Скорей, скорей... Уронив щит, чтоб освободить вторую руку, он преодолел оставшийся метр по лестнице быстрее, чем успел выпрямиться воин с шестом, и кинулся на него, сбивая с ног. Они покатились по булыжникам прохода прямо под ноги ошеломленным солдатам императора Комнина, которые совершенно инстинктивно отскочили назад, расступаясь вокруг дерущихся. Англичанин и киприот тузили друг друга, забыв об оружии, а через край стены уже лезли солдаты короля Ричарда.
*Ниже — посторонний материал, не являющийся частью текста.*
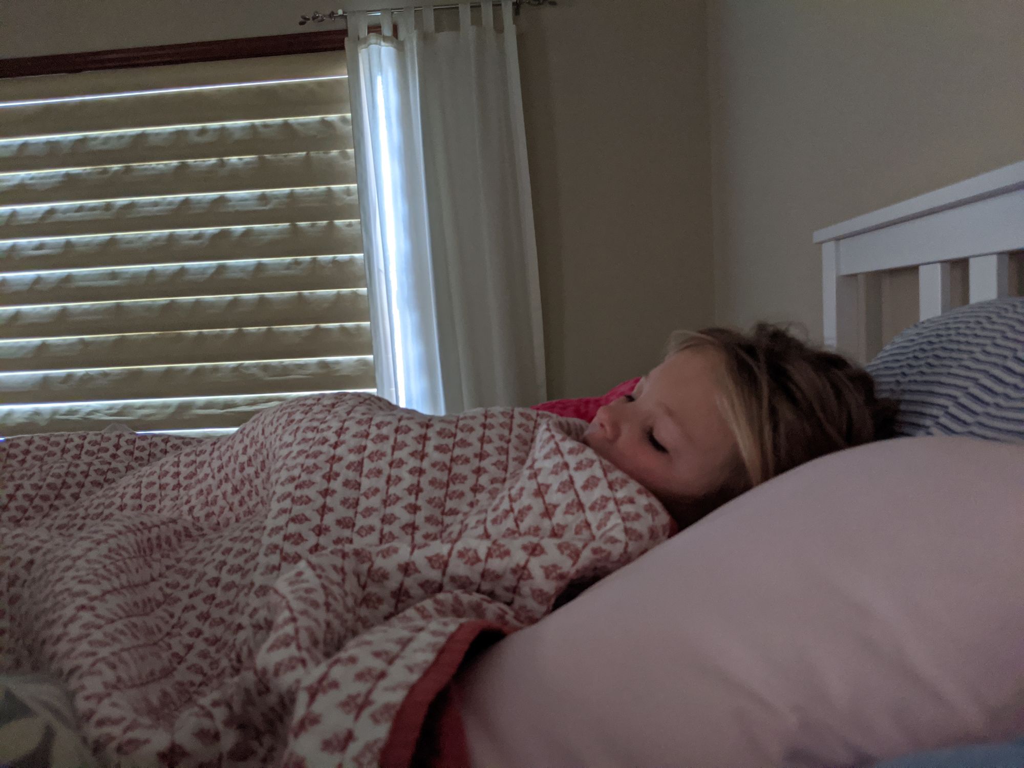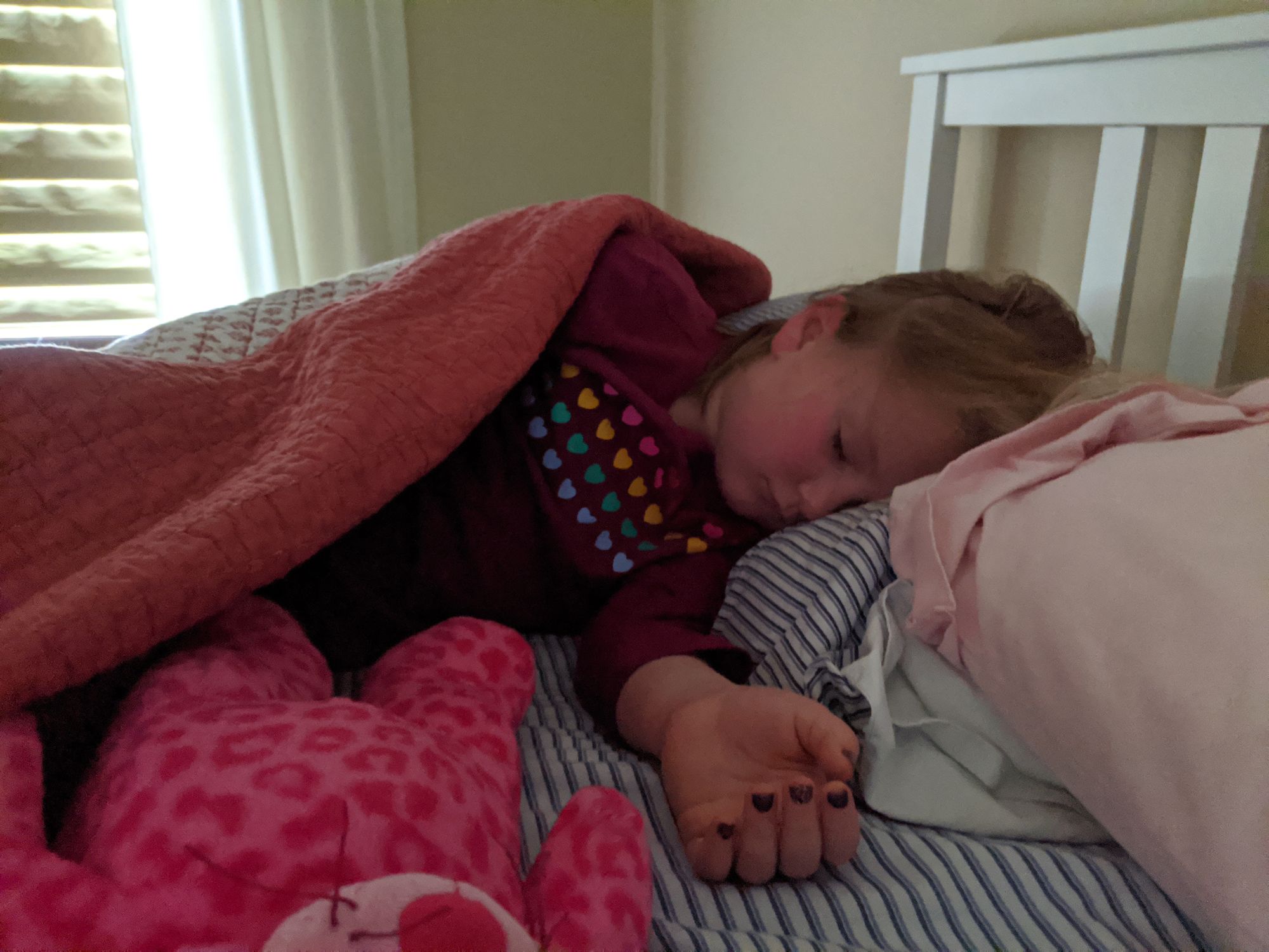 When the girls are sick I let them sleep in our bed so I can check on them at night, take their temperature and give them medicine.

Молодой рыцарь с размаху дал противнику в челюсть — удар обтянутой кольчугой перчатки был поистине сокрушителен — и вскочил на ноги. Он не был склонен шутить или играть в рыцарство, особенно если на кону стояла жизнь Серпианы... да, конечно, и Трагерна тоже, ведь этот бестолковый друид ни за что не сможет позаботиться о себе сам. Поэтому Дик прихватил меч лорда Мейдаля, и теперь волшебный клинок крушил щиты с легкостью, которой нечего и ожидать даже от лучших клинков родного Дику мира. Граф Герефорд наседал на киприотов и ругался, как солдат, — рубящихся рядом воинов это подбадривало. Они встали справа и слева от него, рвались прикрыть и спереди, и, пожалуй, если б не они, молодой рыцарь не уцелел бы даже благодаря дивной кольчужке и мечу.
Человека так легко убить, пусть он и обладает необычными возможностями. Хотя иной раз, наоборот, убить его слишком трудно.
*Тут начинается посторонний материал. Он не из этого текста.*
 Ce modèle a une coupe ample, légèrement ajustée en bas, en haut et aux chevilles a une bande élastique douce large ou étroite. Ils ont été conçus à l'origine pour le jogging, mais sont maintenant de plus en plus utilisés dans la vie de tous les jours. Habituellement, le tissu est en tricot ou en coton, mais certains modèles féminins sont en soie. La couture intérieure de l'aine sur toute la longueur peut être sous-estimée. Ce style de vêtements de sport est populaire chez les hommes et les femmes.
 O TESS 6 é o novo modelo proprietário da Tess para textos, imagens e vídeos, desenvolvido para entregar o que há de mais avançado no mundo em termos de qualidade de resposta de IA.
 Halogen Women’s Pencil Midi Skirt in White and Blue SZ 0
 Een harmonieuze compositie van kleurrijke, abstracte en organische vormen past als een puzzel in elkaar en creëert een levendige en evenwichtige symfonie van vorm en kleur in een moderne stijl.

Молодой рыцарь вскочил на внутренний край стены и пробежал по нему до самой надвратной башни. Киприоты пытались повалить его на землю, ударяя по ногам, но им это не удавалось — Дик словно чувствовал попытки достать его и уворачивался, даже если сметающий выпад следовал сзади. То и дело смерть на острие клинка оказывалась в четверти дюйма от него, запаздывая лишь на миг. Молодой рыцарь не знал, что за сила хранила его, но даже не задумывался об этом — ему было некогда и неинтересно. Только бы уцелеть, только бы не попасть под чей-нибудь меч! Но остаться на стене со своими солдатами, опираться и дальше на их поддержку он не мог — две лестницы из трех были опрокинуты, отряд стремительно таял, и если не отвлечь от них внимание, скоро окажется, что вся затея была совершенно бессмысленной.
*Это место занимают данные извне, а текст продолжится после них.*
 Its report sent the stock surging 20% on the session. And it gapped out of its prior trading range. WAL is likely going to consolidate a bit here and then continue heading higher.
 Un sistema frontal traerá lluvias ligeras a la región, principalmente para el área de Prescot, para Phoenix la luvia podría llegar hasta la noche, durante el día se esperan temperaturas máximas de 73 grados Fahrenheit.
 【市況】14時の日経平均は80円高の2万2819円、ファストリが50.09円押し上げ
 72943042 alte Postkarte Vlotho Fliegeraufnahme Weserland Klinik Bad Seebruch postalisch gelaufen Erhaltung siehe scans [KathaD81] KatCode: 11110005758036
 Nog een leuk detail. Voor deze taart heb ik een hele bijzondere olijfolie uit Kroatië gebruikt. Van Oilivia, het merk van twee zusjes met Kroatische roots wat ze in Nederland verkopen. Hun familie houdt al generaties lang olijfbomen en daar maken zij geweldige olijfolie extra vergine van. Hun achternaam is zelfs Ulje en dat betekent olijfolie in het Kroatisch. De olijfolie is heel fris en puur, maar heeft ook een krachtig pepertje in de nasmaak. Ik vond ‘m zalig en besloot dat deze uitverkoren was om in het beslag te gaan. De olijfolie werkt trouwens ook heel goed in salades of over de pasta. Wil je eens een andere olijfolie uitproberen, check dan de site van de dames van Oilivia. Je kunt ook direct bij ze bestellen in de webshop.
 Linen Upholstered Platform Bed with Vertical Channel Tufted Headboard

Цель казалась Дику очевидной. С другой стороны башни англичанам удалось укрепиться, и они уже пробивались к лестнице, ведущей вниз. Киприоты начинали паниковать, а молодой рыцарь понимал: как только удастся открыть ворота, ребятам на стене станет легче. Какой смысл скидывать англичан с зубцов стены, если они уже вовсю рвутся в ворота? Киприоты наверняка кинутся в замок Лефкосии и там укроются, а у Дика с королем был разговор только о городе. Чем быстрее он сможет открыть ворота, тем быстрее закончится это нелегкое испытание его удачливости.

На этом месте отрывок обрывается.